Yamadori · 09/02/2023 22:33

Gravel paths through grass can be a bit of a pest as the stones get in the grass and damage your lawnmower blades. Bark chips might be better really, and you can just top it up with fresh every now and then. You could edge the path with old bricks set flush with the grass so it is easier to mow.

Go for gentle naturalistic curves, and put the path where you would naturally want to walk from A to B. They are called 'desire paths' or 'desire lines'.

Towcester · 10/02/2023 00:47

I bougjt some round stepping stones from a seller on ebay. £54 for 13 i think.

Put one in position on top of the lawn. Had a spade with a slight circular edge and just insert it into the turf using the edge of the paving stone to 'trace' around the stone by digging down, moving 90 degrees around the stone and digging down a few inches and so on.

Then remove the stone and lift up the turf disc. Add course sand which helps it to set properly. Then place stone on sand. If its not level you can take it out and add more sand or remove sand to get it level with turf. Then stand on it to compress it. Thats it. No cement or anyrthing else.

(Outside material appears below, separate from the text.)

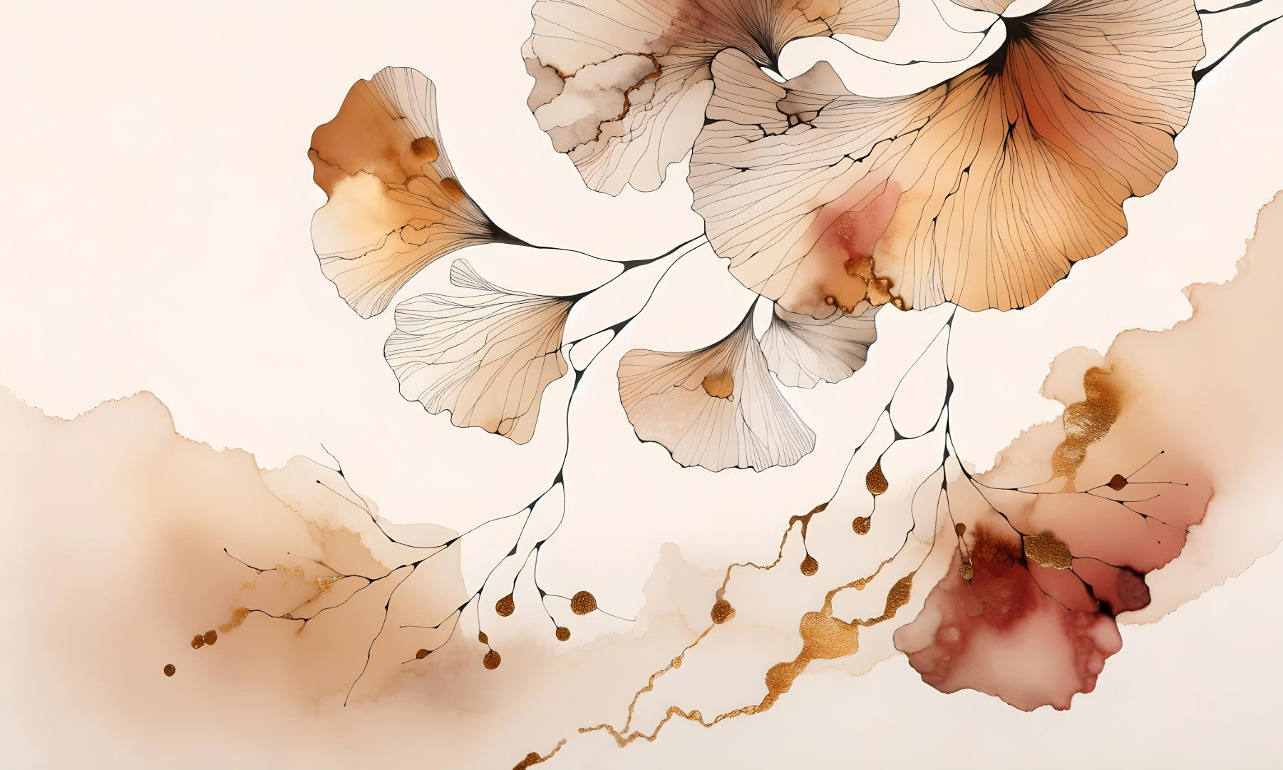 This ethereal wallpaper showcases a delicate watercolor and ink artwork featuring stylized Ginkgo biloba leaves. The leaves are rendered in soft beige and brown hues, their intricate vein structures highlighted by fine black lines. Elegant gold accents flow throughout the composition, adding a touch of luxurious sparkle. The overall effect is serene and calming, creating a sophisticated atmosphere perfect for a living room, bedroom, or home office. The subtle color palette and flowing lines promote a feeling of tranquility and peaceful contemplation, making this wallpaper a beautiful addition to any space.

Geneticsbunny · 12/02/2023 09:46

A brick path would be reasonably easy to do (dry sand and cement base and then brush sand/ sand and cement into the gaps) and look lovely in a cottage garden. You can do sweeping curves reasonably easily with bricks too so could do something quite dramatic of you wanted. If there are nearby skips you could use reclaimed bricks which would make it really cheap.